Award [1] for each identifying a difference between a data warehouse and a database and [1] for an expansion up to [2 max].
Mark as [2] and [2].
Database is based on operational processing;
Whilst data warehouse is based on informational processing;
The operations on databases consist of transactions;
Whilst operations on data warehouse consist of queries;
Database is used for everyday transactions;
Whilst data warehouse is used for decision support;
Database mainly stores current data;
Whilst data warehouse stores historical data;
Data in the database is always up to date/accurate;
Whilst the data in data warehouse is maintained over time;
Data in the database is simple/primitive/detailed;
Whilst data warehouse holds summarized/consolidated data;
The type of access to data in database is read/write;
Whilst mostly read only access for the data stored in data warehouse;
Database size is smaller (for example in up to 10GB);
Than the size of data warehouse (for example 100GB to TB);
View of data in database is flat/relational;
Whilst the view of data in data warehouse is multidimensional;
Users (end-users) of the database are common users (for example customers, tourists, clerks, etc.);
Whilst end-users of data warehouse are knowledge users (for example, analysts, managers, executives);
The number of database users is greater;
Whilst the data in data warehouse is used by smaller number of people;
Award up to [3 max].
Extract data
Award [1 max] for an explanation of how the extraction process can be used to address the problems related to data migration.

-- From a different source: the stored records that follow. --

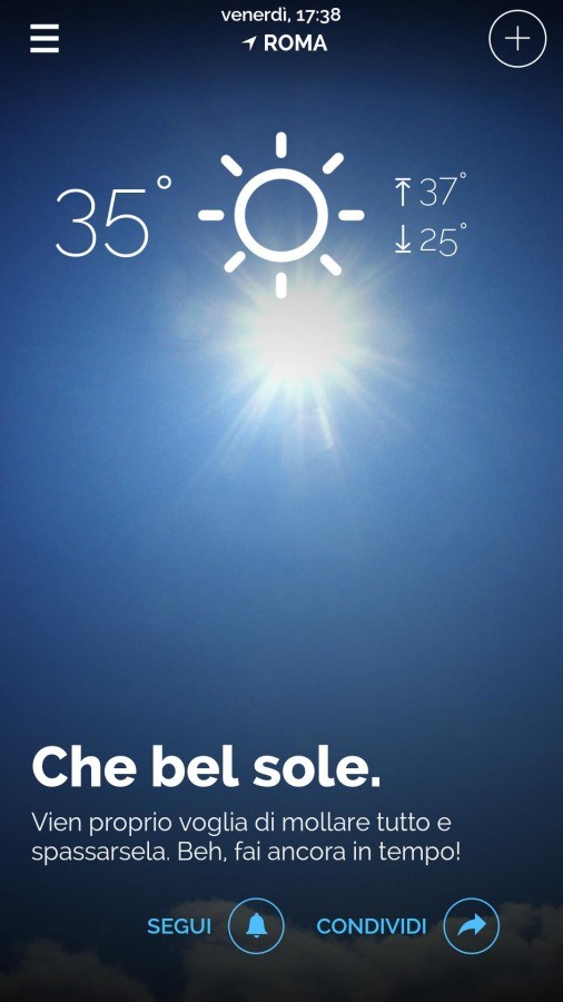 Oltre alla nuova veste grafica e alle animazioni di sfondi con immagini sempre nuove, legate alle condizioni meteo correnti, Meteo.it si presenta con una serie di frasi divertenti, sagge e inerenti al tempo, rendendo l’app ancora più piacevole. Le funzioni sono rimaste quasi le stesse, a parte i collegamenti diretti con altre applicazioni targate Mediaset (Sport Mediaset,Tgcom24, TG5), e la nuova funzione di alert, molto comoda, che permette di mettere sotto controllo il tempo di una località a scelta, in una determinata data, e con avviso in caso di variazioni. Presente anche la possibilità di condividere sui social network le previsioni di una determinata località. Purtroppo non è presente il widget per le nostre schermate, ma lo staff ci ha assicurato che è in piano di produzione per la prossima versione.
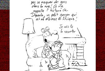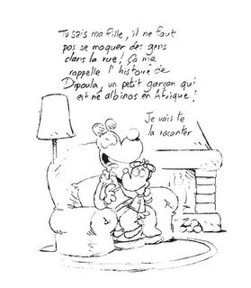 Version plus précise du crayonné. Je ne suis pas encore tout à fait certain du texte que je trouve encore trop moralisateur et direct même si je veux garder l'accent affectif dénoncé, sous forme humoristique, dans l'album. Je retravaillerai donc ce petit texte.Ce dessin a, en fait, été réalisé pour la sortie de l'album "Dipoula" et devrait être mis en ligne sur le blog de Pahé, le dessinateur.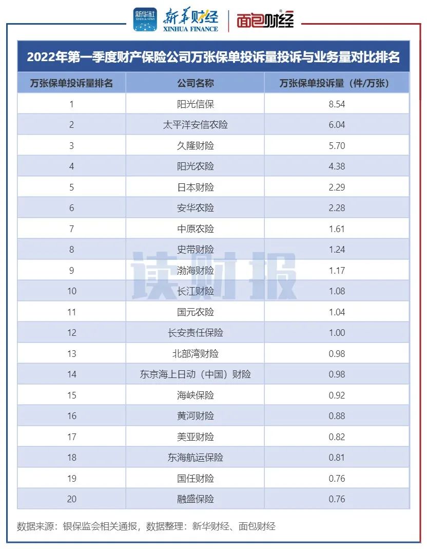 从万张保单投诉量来看,2022年第一季度,阳光信保、太平洋安信农险以及久隆财险位居财产保险公司的前三位。其中,阳光信保不仅位居亿元保费投诉量首位,其投诉量也在万张保单投诉量排第一,为8.54件/万张。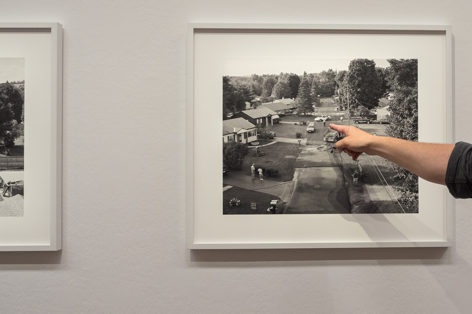 The exhibition spans Crewdson’s entire career, including works from his most famous series, such as “Twilight” (1998-2002), “Beneath the Roses” (2003-2008) , and his most recent series “Eveningside”. “Twilight” features unsettling scenes of domestic life, often bathed in an unnatural twilight glow, while “Beneath the Roses” delves deeper into the darkness, exploring themes of loss, despair, and the fragility of the American Dream. In the – unusually – black and white series “Eveningside” his theme is again the disconnect of individual experiences, with vibes from the film noir genre of the 1940s and 50s.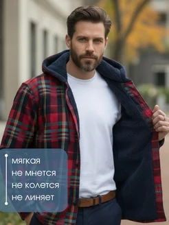 Рубашка теплая на флисе в клетку с капюшоном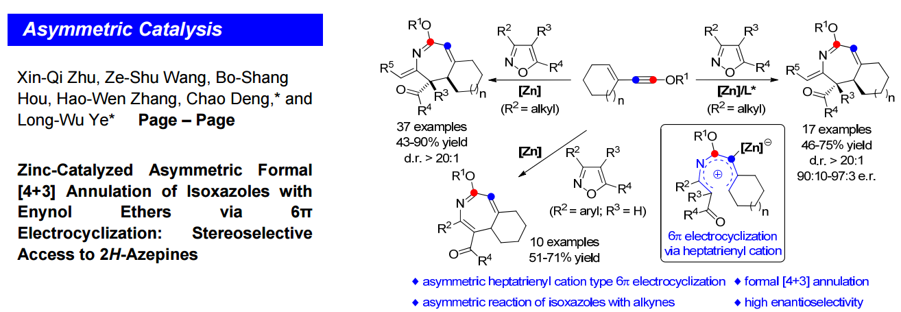 近日,我院邓超副教授与厦门大学叶龙武教授合作在国际权威刊物Angewandte Chemie International Edition(德国应用化学,SCI-IF2018: 12.257)在线发表了题为“Zinc-Catalyzed Asymmetric Formal [4+3] Annulation of Isoxazoles with Enynol Ethers via 6π Electrocyclization: Stereoselective Access to 2H-Azepines” 的研究论文。邓超副教授为论文的第一通讯作者。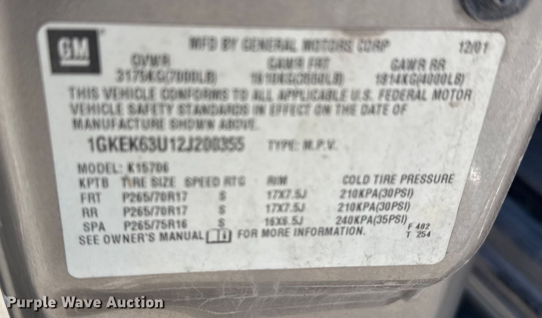 Purple Wave is selling a used Passenger Vehicle in Oklahoma. This item is a 2002 GMC Yukon SUV with the following: Miles: 242,344 on odometer, VIN: 1GKEK63U12J200355, Unit #: 502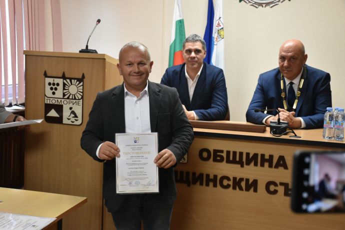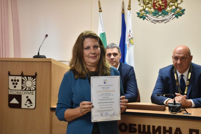 „Пожелавам ви през новия мандат да работите така, че всички граждани да са горди с работата на своя кмет и на Общински съвет – Поморие. Работете за благополучието на общината.“ – така Областният управител поздрави присъстващите, а председателят на Общинската избирателна комисия Кольо Николов връчи удостоверенията на всички, спечелили доверието на избирателите.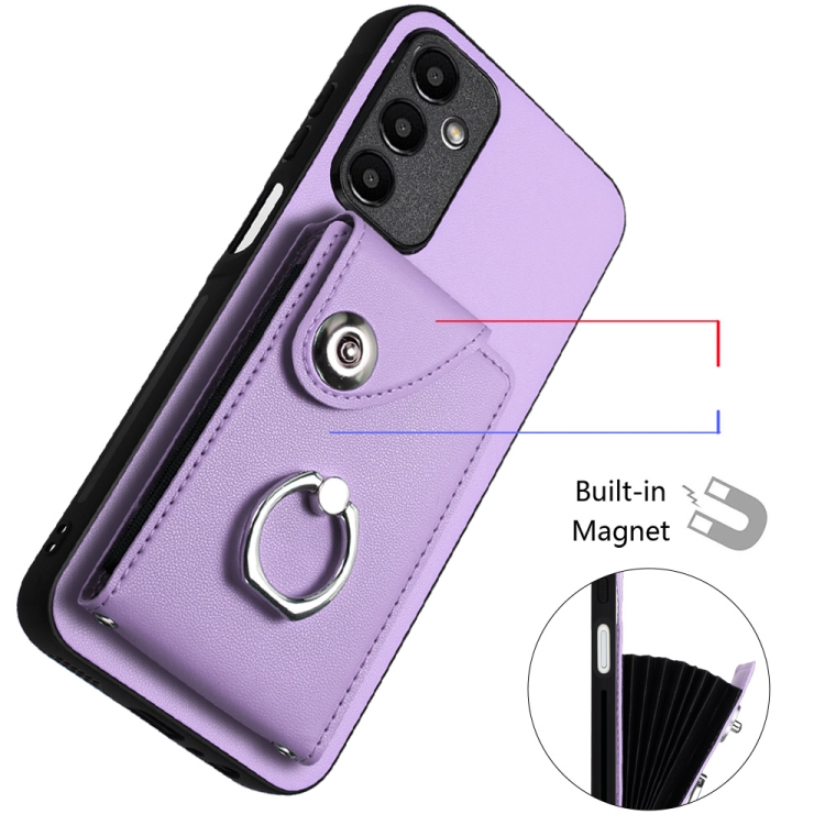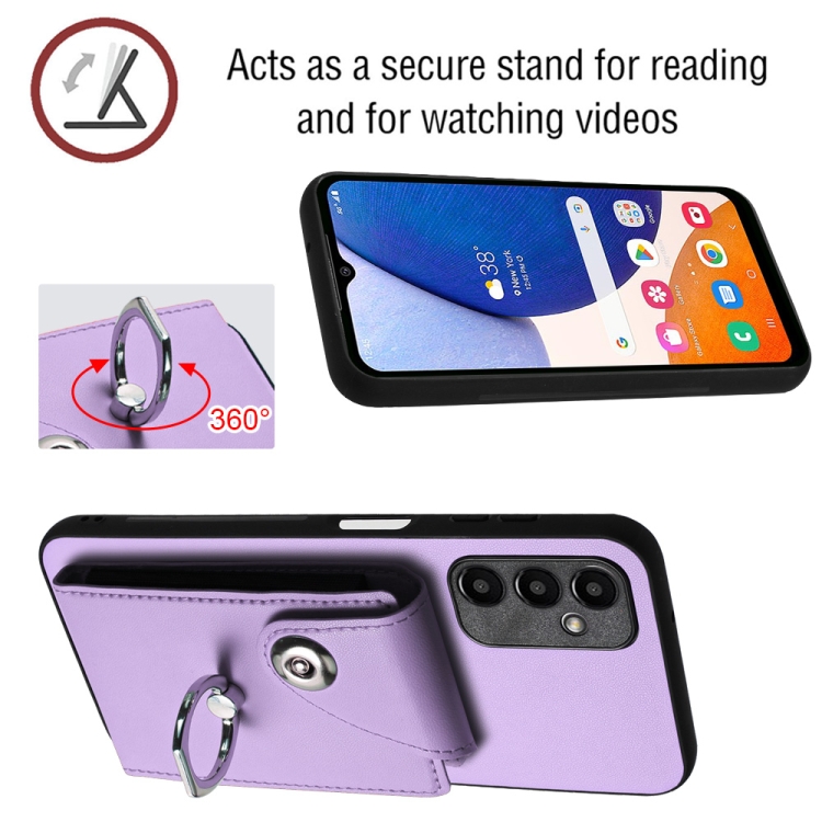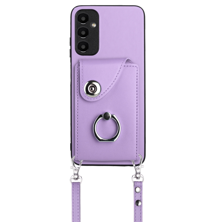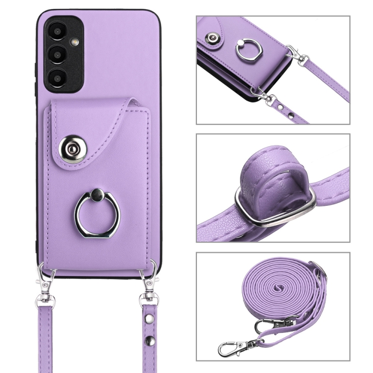 Funda para Teléfono Samsung Galaxy A14 5G con Soporte para Anillo y Bolsa para Tarjeta con Cordón Largo (Púrpura)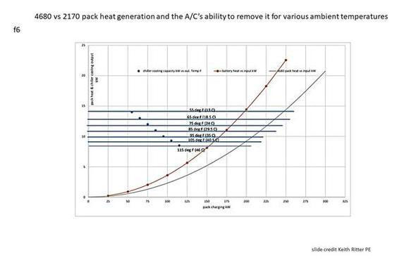 而在最大充電功率方面,4680電池組從2170電池組的250 kW增加到275 kW,其中逐漸降低充電功率時,275 kW的充電功率在10%-50%的充電狀態(tài)下保持恒定。而當電池組達到以Model X數(shù)據設定的45攝氏度溫度極限時,我們便開始逐漸降低充電功率。這是因為較高的環(huán)境溫度下,空調系統(tǒng)的性能會降低,降低充電功率點是環(huán)境溫度的函數(shù)。

Pulling data from different source databases/ from various source systems (e.g. MS Access, SQL Server, Oracle, etc.);
(Cleanse and) transform data (so that data is clean and useful for a purpose)
Award [1 max] for an explanation of how the transformation process can be used to address the problems related to data migration.
Trimming for white space/ proper data type/do some validation, etc.;
Load data
Award [1 max] for an explanation of how the load process can be used to address the problems related to data migration.
Transfer data into data warehouse/ data mart/operational data store so it can be used for the mining processes within the data warehouse;
Award up to [2 max].
Award [1] for each identifying an ethical problem that may result from data mining and [1] for an expansion up to [2 max].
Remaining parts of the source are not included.